Apart from the images, repeat the data below exactly as written.

Data.
[Start of Attachment]
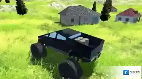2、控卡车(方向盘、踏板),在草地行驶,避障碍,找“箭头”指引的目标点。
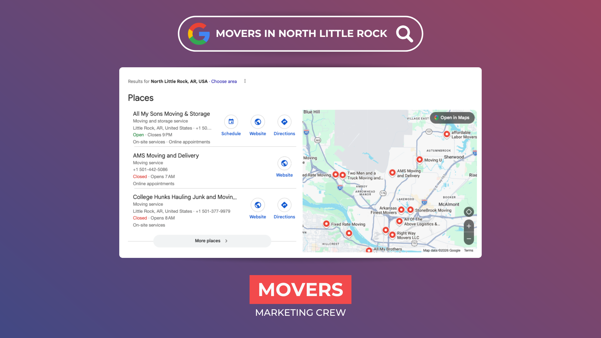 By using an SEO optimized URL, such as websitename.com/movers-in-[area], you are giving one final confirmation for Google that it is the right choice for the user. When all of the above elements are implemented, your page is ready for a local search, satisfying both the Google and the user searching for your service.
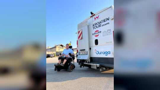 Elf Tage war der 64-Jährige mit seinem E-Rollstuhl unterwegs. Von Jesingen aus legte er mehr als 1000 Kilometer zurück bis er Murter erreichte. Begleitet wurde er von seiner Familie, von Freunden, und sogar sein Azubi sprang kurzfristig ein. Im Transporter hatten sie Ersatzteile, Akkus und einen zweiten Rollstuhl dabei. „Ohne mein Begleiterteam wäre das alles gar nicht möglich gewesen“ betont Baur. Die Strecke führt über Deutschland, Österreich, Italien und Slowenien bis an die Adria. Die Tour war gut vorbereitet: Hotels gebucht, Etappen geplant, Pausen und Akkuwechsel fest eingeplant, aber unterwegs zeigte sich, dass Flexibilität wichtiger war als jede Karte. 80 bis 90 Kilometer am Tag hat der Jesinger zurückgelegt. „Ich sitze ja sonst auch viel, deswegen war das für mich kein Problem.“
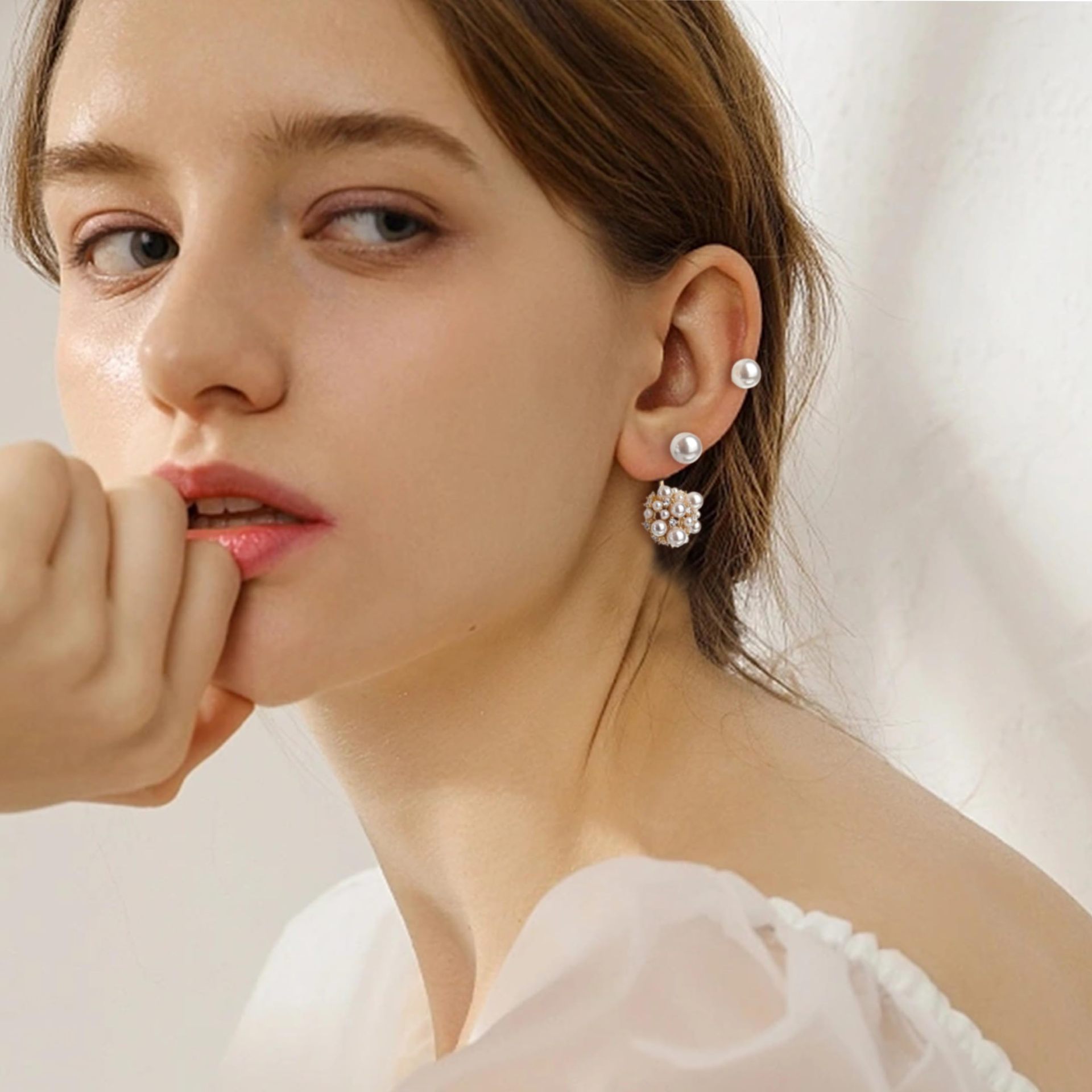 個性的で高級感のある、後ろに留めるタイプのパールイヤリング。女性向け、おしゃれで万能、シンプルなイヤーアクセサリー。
[End of Attachment]
Task answer.
2、控卡车(方向盘、踏板),在草地行驶,避障碍,找“箭头”指引的目标点。
 By using an SEO optimized URL, such as websitename.com/movers-in-[area], you are giving one final confirmation for Google that it is the right choice for the user. When all of the above elements are implemented, your page is ready for a local search, satisfying both the Google and the user searching for your service.
 Elf Tage war der 64-Jährige mit seinem E-Rollstuhl unterwegs. Von Jesingen aus legte er mehr als 1000 Kilometer zurück bis er Murter erreichte. Begleitet wurde er von seiner Familie, von Freunden, und sogar sein Azubi sprang kurzfristig ein. Im Transporter hatten sie Ersatzteile, Akkus und einen zweiten Rollstuhl dabei. „Ohne mein Begleiterteam wäre das alles gar nicht möglich gewesen“ betont Baur. Die Strecke führt über Deutschland, Österreich, Italien und Slowenien bis an die Adria. Die Tour war gut vorbereitet: Hotels gebucht, Etappen geplant, Pausen und Akkuwechsel fest eingeplant, aber unterwegs zeigte sich, dass Flexibilität wichtiger war als jede Karte. 80 bis 90 Kilometer am Tag hat der Jesinger zurückgelegt. „Ich sitze ja sonst auch viel, deswegen war das für mich kein Problem.“
 個性的で高級感のある、後ろに留めるタイプのパールイヤリング。女性向け、おしゃれで万能、シンプルなイヤーアクセサリー。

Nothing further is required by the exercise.